Sont venus inaugurer la saison de remorquage, Eric Counson, Alain "Pimpin" Detongre, et Serge Marneffe.

Comme le temps a un peu passé depuis ce concours, j’ai oublié pas mal des détails les plus croustillants.

Les vitesses ont tout de suite été fulgurantes avec Bruno Steelandt (31,7 s) et Etienne Belluz (31,8 s). On croirait que ce sont les Vzmax qui cassent tout et pourtant Jacques Wouters fait (31,0 s).

On fait encore les durées de la première manche et de la deuxième manche avant dîner.

Guy Van Pelt est malheureux dès le début en partant poser son Larzac fort loin, il y fait quelques dégâts qui ne lui permettent pas de repartir.

Photo 2. Thierry Gras, pas en forme

Photo 3. Pierre Dubois dit à Guy Van Pelt : "ta verrière est mal collée", sous l’oeil curieux de Dany Ghellynck.

Le dîner, justement, on le retrouve sous la forme, désormais traditionnelle, d’un gigantesque couscous. Un peu frisquet pour le déguster en terrasse, au contraire des années précédentes.

L’après-midi se déroule sans vague. C’est la troisième manche que j’ai le plus aimée. J’ai commencé par une vitesse canon, 32,1 s. Je me voyais déjà avec les mille mais Etienne nous a tous écrasé d’un 29,5 s, nouveau record de Belgique.
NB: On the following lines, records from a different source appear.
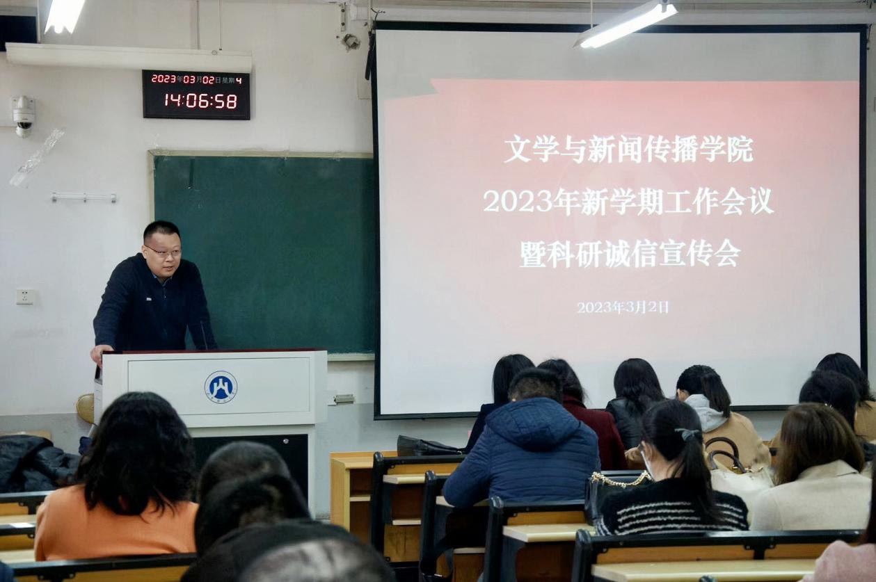 为推进学院新学期可持续高质量发展,规范学术行为,营造风清气正的学术环境,3月2日下午,我院于1307教室召开2023年新学期工作会议暨科研诚信宣传会。学院党委书记杜啸尘、副院长李军红、副书记王恩娟、副院长王丽霞出席会议,全体教职工参加会议。
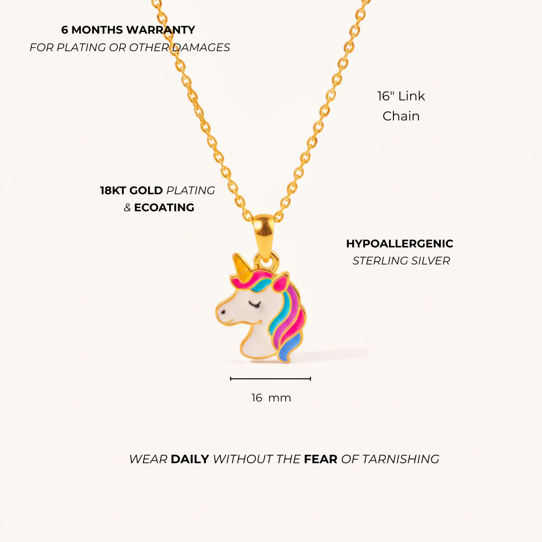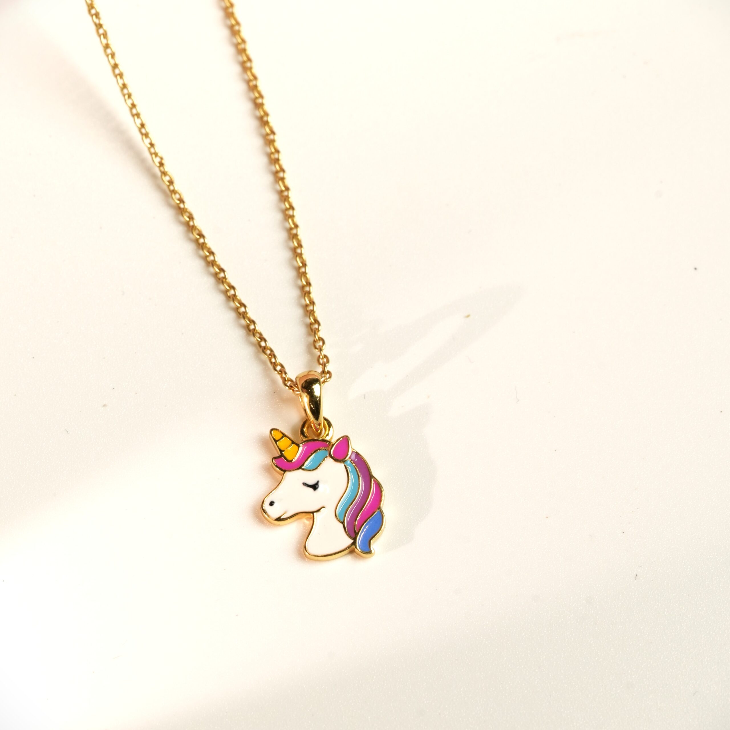- Design: Whimsical unicorn head with colorful enamel and golden horn
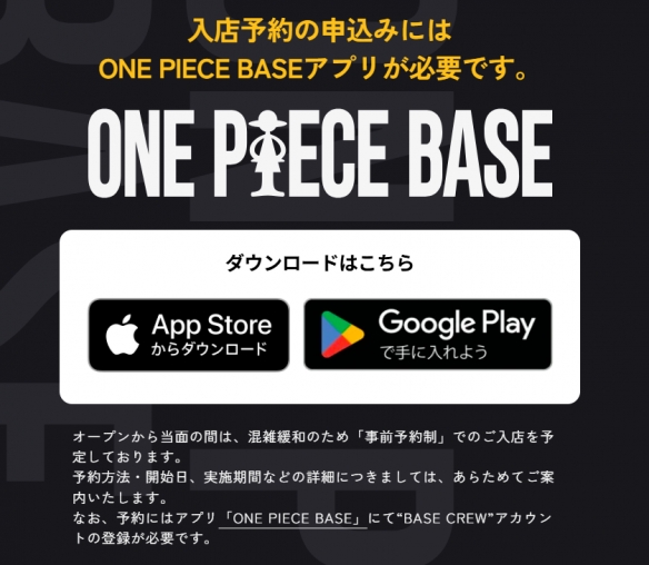 为避免开幕期间人潮拥挤,目前官方开放抽选预约入店时段。是否开放现场排队入场尚未确定。欲预约的粉丝需先于「ONE PIECE BASE」官方App注册“BASE CREW”账号方可参加抽选,详情请见官方网站。
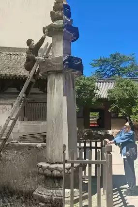 Liang Sicheng praised it as China's number one national treasure, and Lin Huiyin wept with joy when she saw it. To disprove Japanese scholars' claims that no Tang Dynasty buildings remained in China, Liang Sicheng and Lin Huiyin, guided by the inscription "Great Foguang Temple" and its location depicted in a mural in Cave 61 of the Dunhuang Mogao Grottoes, embarked on their fourth antiquarian expedition to Shanxi. After a long and arduous search, they finally reached this ancient temple hidden deep in the mountains. Following several days of surveying and investigation, they confirmed that the main hall was built in 857 AD, the eleventh year of the Dazhong era of the Tang Dynasty, thus refuting the claim that no Tang Dynasty buildings existed in China.
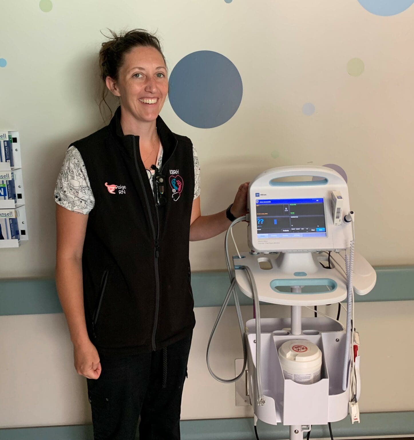 Carla, Patient Care Coordinator in the Ambulatory Care Unit, shows us one of four Vital Signs Monitors purchased through your generous donations. Vital Signs Monitors are used to monitor pre and post-operative patients. These monitors provide safe patient care and allow nurses to ensure the stability of patients. Wheels allow for mobility between rooms and patients.
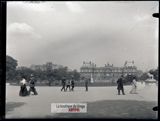 Palais du Luxembourg, Paris, plaque verre, photo ancienne, négatif 9x12 cm
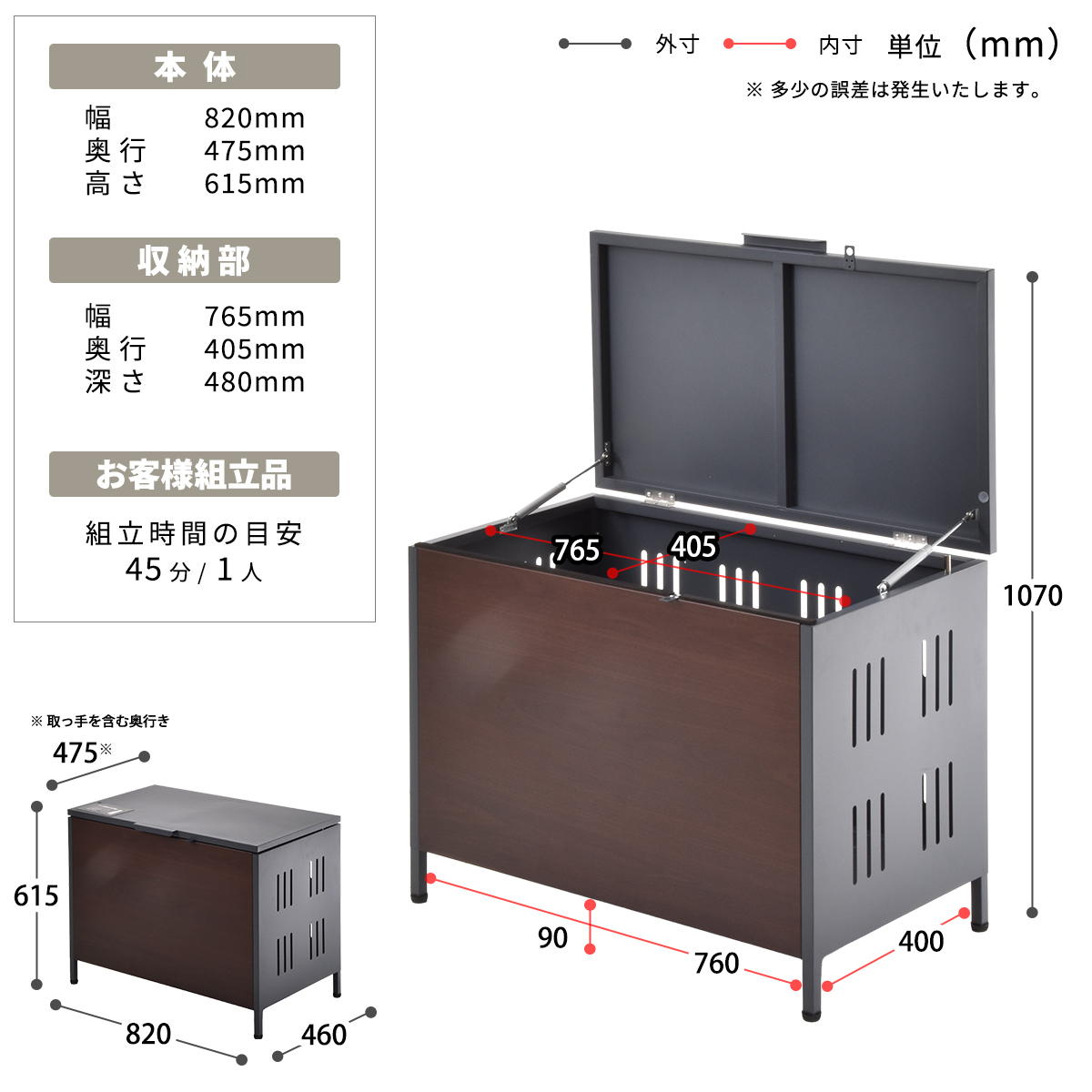 | 耐荷重 | 上蓋:約15kg 収納部:約90kg 全体約100kg |
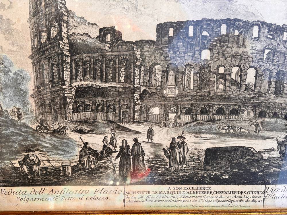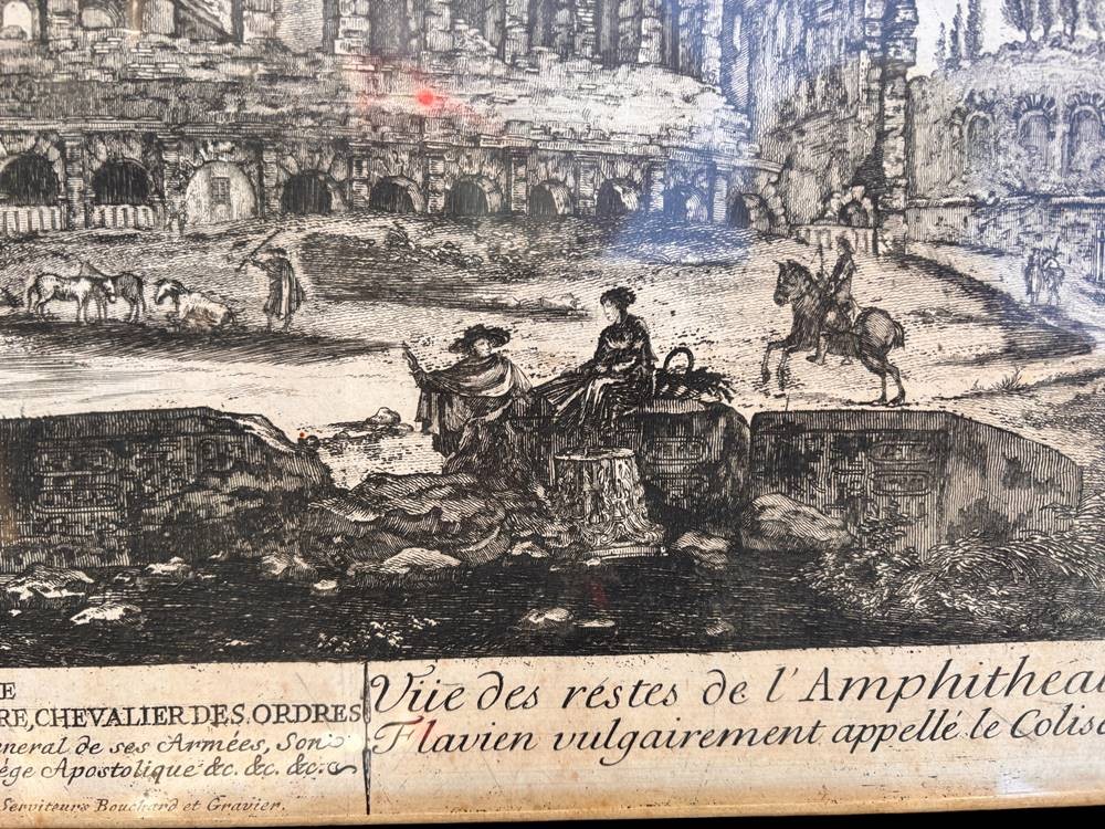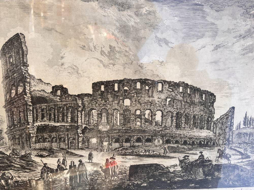 DOMENICO MONTAGU (Italy, ?-1750) gr. Ansichtenstich, das Colosseum in Rom um 1770,BG ca. 40x54 cm, ger/Glas, [1]
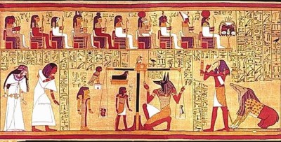 大英博物館所藏的這類埃及文物中,堪稱鎮(zhèn)館之寶的 《亞尼的死者之書》,就是古埃及生死觀的明白表現(xiàn)。死者之書是古埃及常見的隨葬物品。篤信來世的古埃及人用水生植物紙莎草芯制成長長的紙卷,在上面記載死者為獲永生所必經(jīng)的各種磨練、審判、所需的咒文等等并配以插圖,以求死者逢兇化吉,安然到達極樂世界。收藏家佛里斯班士于1887年在尼羅河中游克索西岸的墓室中發(fā)現(xiàn)了 《亞尼的死者之書》,墓主亞尼是距今約3200年前的真實人物。這一死者之書可謂迄今已知以草紙記錄的死者之書中保存最完善、描繪最精美的。其中,最有名的段落是“秤心儀式”:天平上,死者的心臟與正義女神翅膀上的一根羽毛加以比較,心臟若不重于羽毛,則說明死者生前積德,可享永生,否則,心臟便會被畫面右邊的怪物所吞噬,死者沒法進入來世。畫中,有的神在調(diào)整天平的精確度,有的神準備記錄測量,有的神在擔任陪審,一個神與人共存的世界躍然紙上,反映出古埃及人對神靈的虔誠信仰。
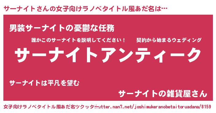 | 胡散臭い通販商品みたいなあだ名 | 『テレビで話題の高麗人参…その名も「サーナイト」』 |
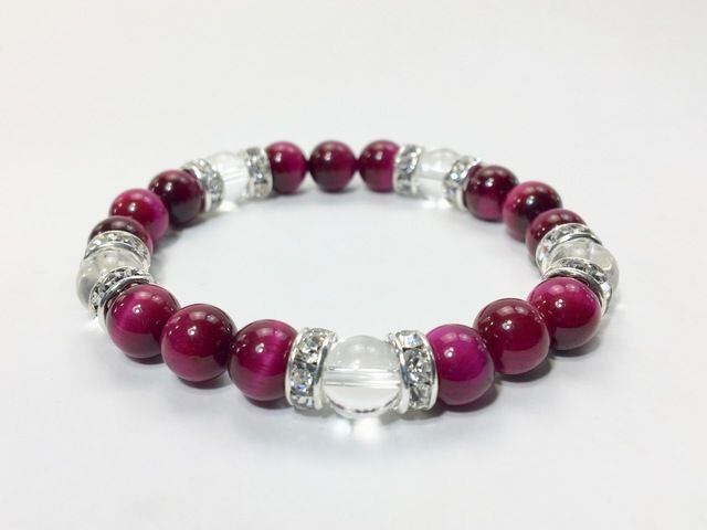 パワーストーン ブレスレット ピンクタイガーアイ&水晶 天然石 8mm(シルバー)レディース 女性 数珠ブレス 開運 プレゼント ギフト
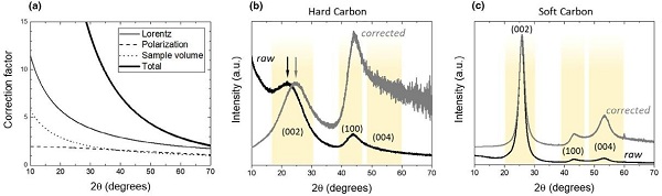 (b,c) 粉末X射线衍射图案,硬碳(b)和软碳(c)。
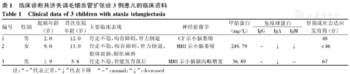 临床诊断共济失调毛细血管扩张症3例患儿的临床资料

La durée a été difficile pour beaucoup d’entre nous (Jacques Wouters, Eric Rémy), tandis que je parvenais à faire un carreau après un vol laborieux de plusieurs minutes à quelques dizaines de mètres du champ de colza voisin. J’étais content.

Photo 4. Bruno est content après la première vitesse. Il croit avoir les mille.

Photo 5. Le concours a fini bien vite pour Guy Van Pelt
Curieux ces conditions de l’après-midi : presque impossible de choper une pompe en altitude alors qu’il était possible de zéroter de longues minutes sur les minuscules pompinettes près du sol. Je ne peux pas m’empêcher de penser aux différentes stratégies de vol dans lesquelles se pécialisent les rapaces. On connait tous les buses (et les vautours pour les plus pyrénéistes d’entre nous), qui se collent dans les belles thermiques qui s’accrochent aux nuages. Elles sont l’archétype du vol plané. Les éperviers et les autours font pareil, mais dans les bois. On connait aussi les faucons qui glissent à grande vitesse sur les effets de pentes le long des talus d’autoroutes (pour le crécerelle) ou bien des crêtes de montagnes (pour le pélerin). Moins d’entre nous connaissent les milans, et pourtant, ce sont eux qui sont les meilleurs modèles de nos F3i. Ils exploitent les pompinettes engendrées par les lignes d’arbres, les petits talus, les zones chaudes et froides des cultures, bref, ce sont les parfaits exploitants de toutes ces thermiques de sol. J’aime les regarder faire leurs petites spirales nerveuses, à grand coups de dérive (ils ont une queue toute spéciale). Par contre, une fois pour toutes, j’ai bien compris qu’il ne faut JAMAIS suivre les busards. Ces derniers ont pour stratégie de suivre les déguenlantes.

Photo 6. Silhouettes de rapaces diurnes. Les buses, larges ailes et queue en éventail ; les autours et éperviers, larges ailes et queue étroite ; les faucons, ailes fines et queue étroite ; les milans, ailes coudées et queue fourchue ; les busards, ailes coudées et queue étroite.

Voici les résultats :

1. 100% Etienne Belluz
2. 98,9% Bruno Steelandt
3. 98,6% Jacques Wouters
4. 97,6% Eric Rémy
5. 93,7% Alain Salon
6. 91,9% Pierre Rasmont
7. 91,2% Thierry Gras
8. 75,4% Dany Ghellynck
9. 67,6% Pierre Dubois
10. 23,6% Guy Van Pelt.
Meilleurs temps et record de Belgique : Etienne Belluz, 29,5 s.

Photo 7. Le premier podium de la saison 2009 : 1er Etienne Belluz, 2ème Bruno Steelandt, 3ème Jacques Wouters.